There really isn't a definitive answer as there isn't a lot of show line Malinois out there. Pretty much all show line Malinois at this point is 2nd 3rd generation working stock. So they come from working stock pretty much. The ones I've seen have been terrible working prospects fearful and dog reactive not very confident. To get a more general idea of what a show line Malinois could be look at Show Tervs.


----------



## Gina Mezin (Mar 8, 2016)

I'm a newbie here, but I'm curious about the answers you will get. I'm getting my first well bred Mal this summer. I'm thinking that going with show lines would be very limiting. I go to dog shows in So Cal and have maybe seen one show Mal. Maybe where she lives it is totally different. My breeder, Kadi from Dantero Malinois and the famous Ivan Balananov claim their dogs are good to live with as long as they are really being worked too. Kadi's dogs are of mixed lines, but heaviest on French Ring, I believe. Kadi cautions people about running them like crazy, but not mentally stimulating and setting house rules. I'm sure running is helpful if the rest of the management is in place. Nicole told me something similar, that pups need to learn how to settle. (Then you hear that some Mals just wont settle.) I couldn't deal with that. It is common opinion, right ?? (Im new, like I said) that KPNV dogs, as a whole, can take harder corrections and may be tougher in that same way when fighting man. I don't think that would make a difference in obedience per say unless a dog was really hard headed. Does that make them not good as a pet even IF they are truly being worked?They sure are bigger dogs from what I've seen, but the little guys look PLENTY full of drive to me. Sorry, I'm writing when I know so little, but Id think that if she really likes malinois, that she shouldn't look for something watered down (sorry if that was insulting to show folks). I think bad NERVES are the problem with the breed so finding a GREAT breeder that says their dogs can live in the house if they are worked should be fine. I wouldn't want one if I were not a stay at home mom, but there are plenty of busy people on here too, I'm sure. Does she really want a Mal, if she doesn't want high drive is what I'm thinking? Maybe, she wants a soft Mal, or one with high pack drive. Sorry for writing so much, just enjoy the subject matter.


----------



## Chloe Bibby (Mar 5, 2016)

I'm guessing they don't want the type of Mal you see in videos, such as:
"So you think you want a high drive puppy" or
"Why NOT to get a pet Malinois" or 
"Do you want a Malinois?"

Perhaps she wants a show line german shepherd?
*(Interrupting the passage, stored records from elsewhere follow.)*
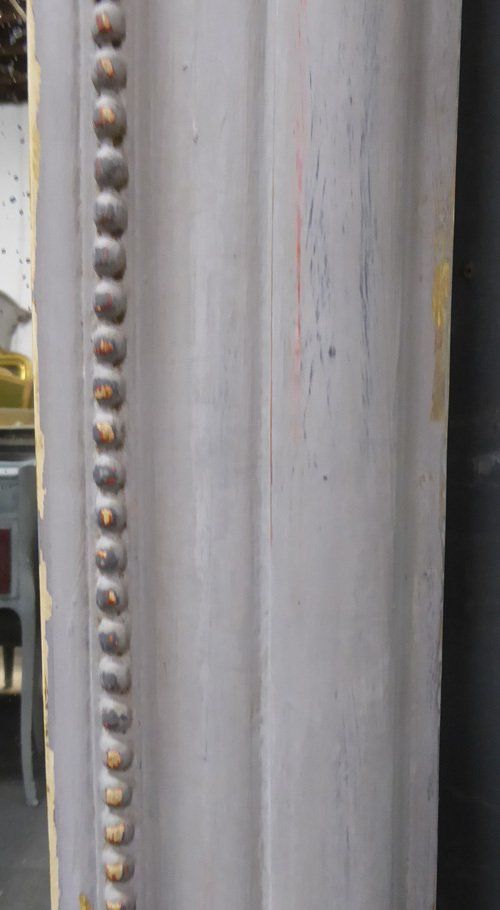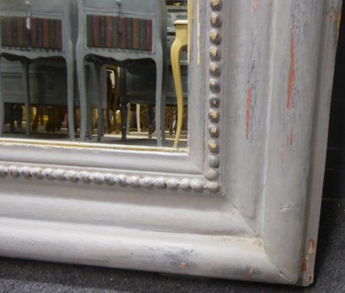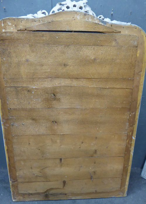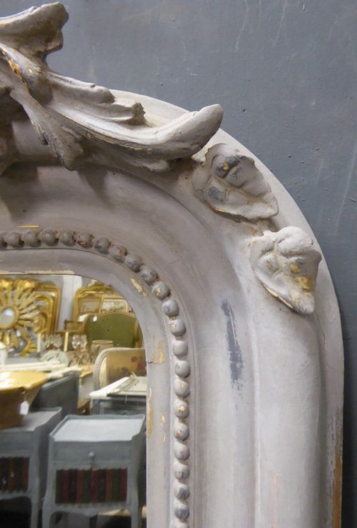 Ref 7584 - Antique French Mirror - Large worn grey painted Louis XV style camel crested antique mirror. Original glass with patinated black spots and faint mottled circles. Original pine board back. Circa 1880.
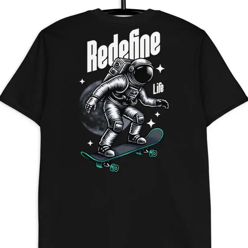Redefine Life T-Shirt features a bold astronaut on a skateboard design. This eye-catching graphic makes a statement for men who love quirky, fun fashion. The design blends space and skate culture, appealing to diverse tastes. Perfect for casual wear, it adds a playful twist to your wardrobe.
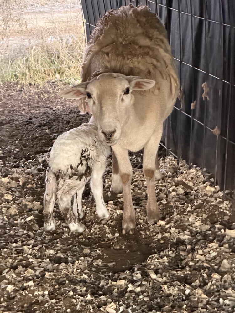 Perhaps she found the eggnogBusy morning! I had to leave at 8:00 and pickup my sister in law to get her to physical therapy by 9:00. I was doing chores and there was Mango with a lamb!
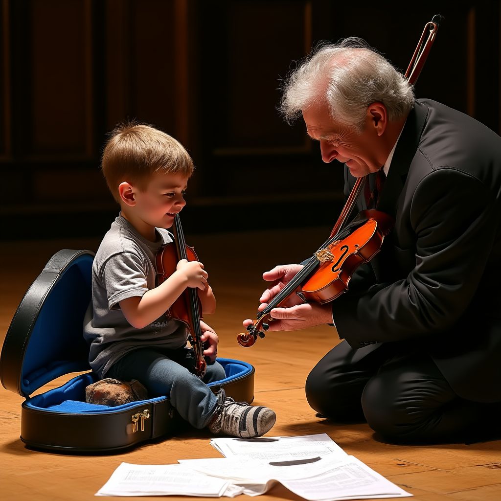 Он казался меньше, чем был на самом деле: худенький мальчик с обтянутыми щеками, волосы свисали на лоб, глаза большие и испуганные, пальцы тонкие, как спички. Его пальто было старое, воротник потертый, ботинки залатаны латками: видный знак, что его семья живёт иначе, чем остальные участники. Он держал в руках футляр, в котором скрипка звенела пустотой — струны были изношены, смычок стёрт, смола липла к ладоням. «Мама всё ещё на рынке», — шептал он себе, ощущая, как сердце бьётся громче; мысль о том, что завтра ей придется отдать смену, чтобы оплатить мелочи, сжимала горло.
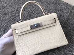 Hermès(爱马仕)Mini kelly ll Alligator matt 雾面鳄鱼 8L 奶油白 银扣 顶级手缝
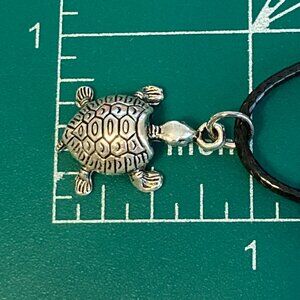 Sea Turtle Necklace Silver Tone Nautical Island Beach Black Cord 17-18" Surfer
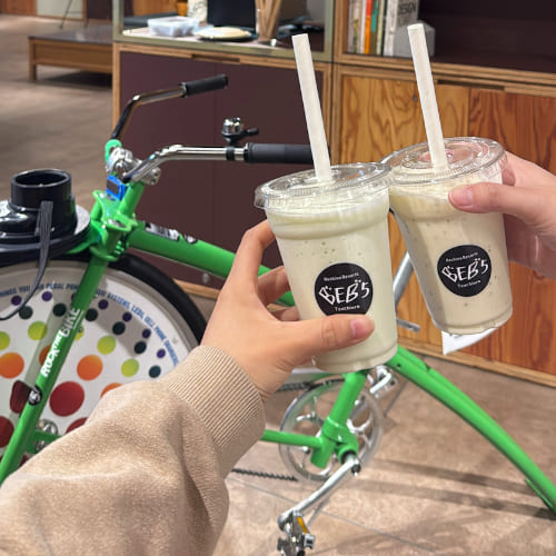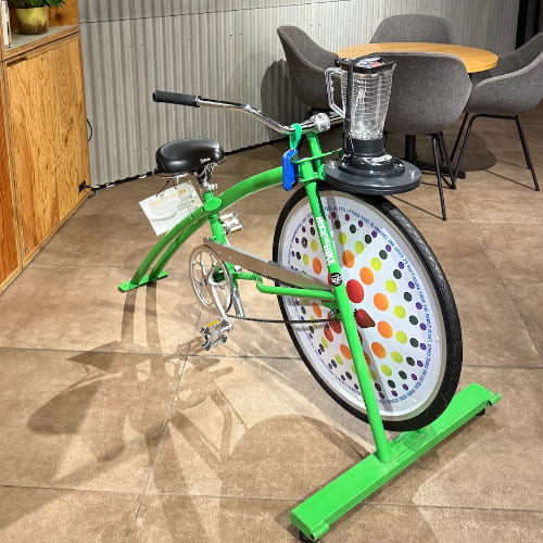 吃完早餐和買完伴手禮後,我們再次回到「BEB5土浦 by 星野リゾート」,飯店提供了多款桌遊可以自由拿取,最特別的還有以踩腳踏車當作動力製作的果昔,有香蕉、草莓和哈密瓜三種口味,我們分別選了香蕉和哈密瓜,計時30秒用盡全力踩,馬上就能現得到一杯現打的新鮮果昔,真的好喝又好玩。飯店同時也提供了腳踏車租借服務,櫃台人員會詳細介紹路線和推薦景點,可以放心租到適合的腳踏車。
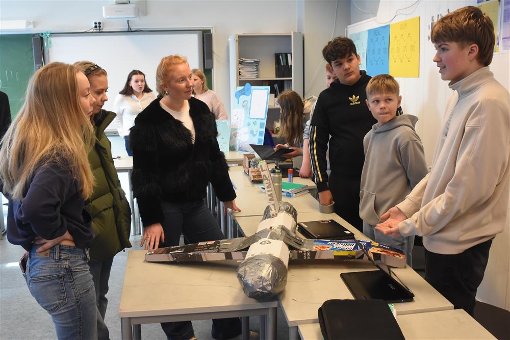 Lærar Bueie Dalin sette seg inn i alle elevarbeida og gjekk rundt til alle elevane og fekk orientering om prosjekta.Mykje mat vert kasta
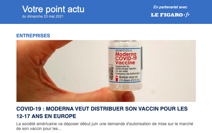 Ainsi, le ministère de la Santé a prévu de mettre à disposition des médecins de ville le vaccin Moderna à partir du 24 mai, sauf dans les départements qui sont les plus touchés par les variants sud-Africain ou brésilien ! Pourquoi ? Parce qu'ils savent bien que ce vaccin serait inopérant dans ces départements à cause de ces variants.
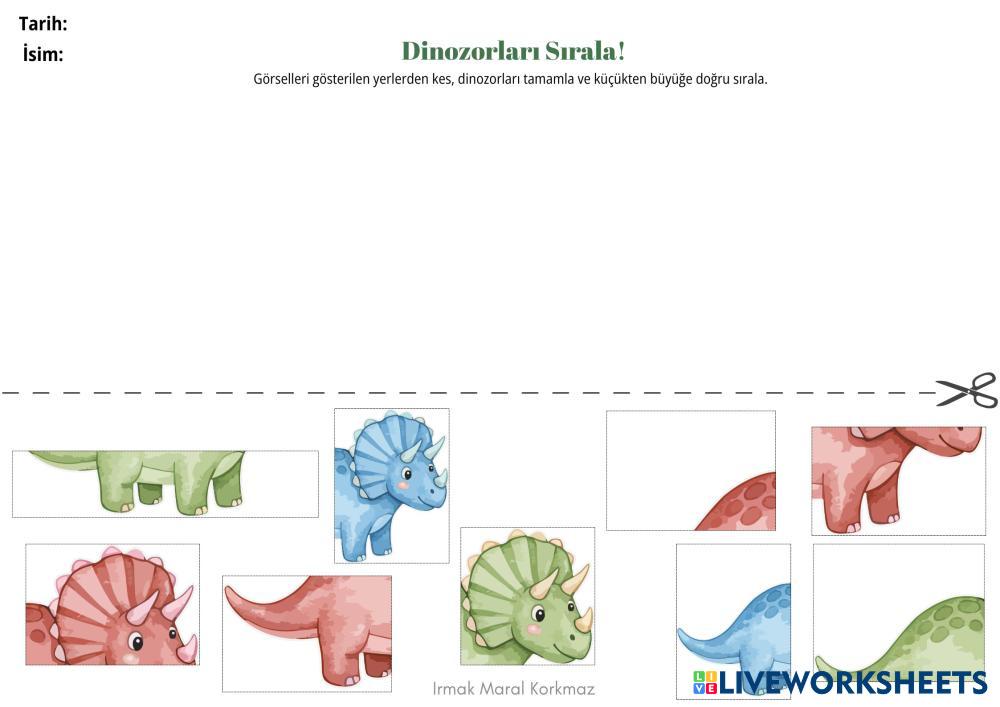 Dinozorları tamamla ve küçükten büyüğe sırala
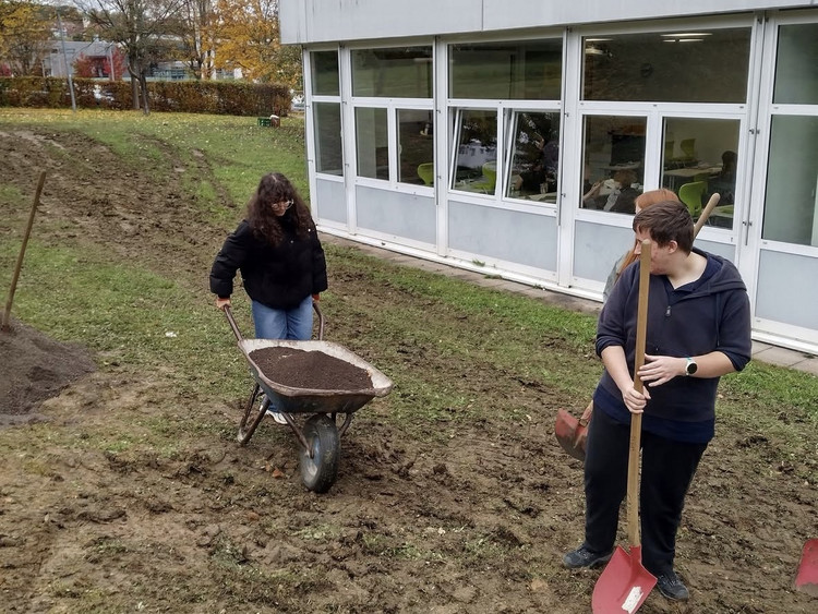 An der Realschule Bonlanden wurde in dieser Woche gemeinsam mit dem Klimaschutzmanager der Stadt Filderstadt, Herrn Dr. Schwarz, und Frau Schrade vom Tiefbauamt (Abteilung Grünflächen) kräftig angepackt:
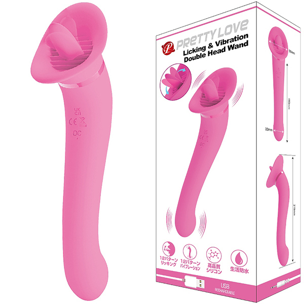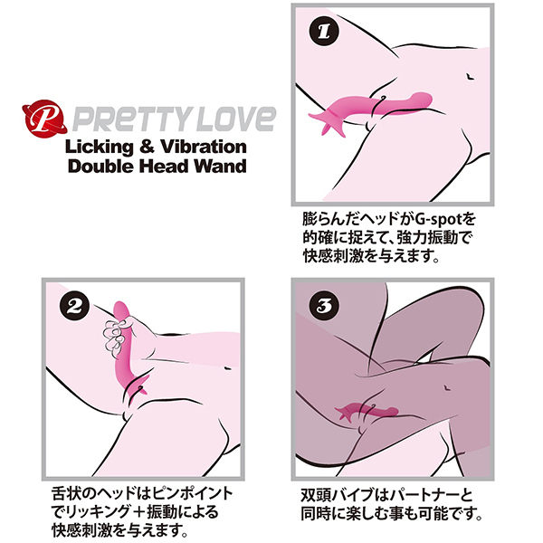 人気のプリティラブフィンガーシリーズから新作が登場!「プリティラブリッキング&バイブレーションダブルヘッドワンド」。見た目も特徴的で、舌舐めしつつ強力な振動が気になるところをピンポイントで刺激!これさえあればパートナーと一緒に楽しめちゃいます♪挿入時には膨らんだヘッドがGスポットを的確に刺激!強力振動で快感刺激を楽しむも良し。舌状のヘッドでピンポイントにリッキングと振動による快感刺激を楽しむこともできます♪高品質シリコン製で12パターンの振動+リッキングで生活防水仕様です。

They mentioned in response to these videos that they are getting a show line, and not the same dogs as the ones in these videos so it wont apply. Though to clarify she has not met a show line Malinois before.

I don't know, I believe they mentioned it was for their boyfriend, who likes the look of them, (he was also interested in a husky and a wolfdog), and he has never owned a dog before either, but has been around police dogs.
She herself was saying the biting would be fine as she owns a scottie, and "they are like piranhas." 
I don't know, do show lines bite as much as working lines? 
The boyfriend appears to also be interested in bitework from what she has said, though from what I have read, show lines generally aren't useful in bitework.


----------



## Gina Mezin (Mar 8, 2016)

Sounds like a bad idea. So many people get caught up in the look of a dog, or a stupid image, and not the whole package. With luck, she is a dedicated person and just needs more knowledge. I think if I could get a Mal in a Dobie suit, I might choose it, but I have noticed that a Dobe's coat is kind of limiting too. Maybe its just me, but if dogs soo radically different are also his/her choices (husky or wolfdog) the education level here is pretty low.


----------



## Brian McQuain (Oct 21, 2009)

I know of more than a few show line Mals, with 3 generations and more, of just conformation showing. Definitely less drive, and all of them I've seen are nervy. Not stable enough for anything more than a show ring and their house/kennel. Cant herd, cant do tracking, cant do detection, cant do bitework. 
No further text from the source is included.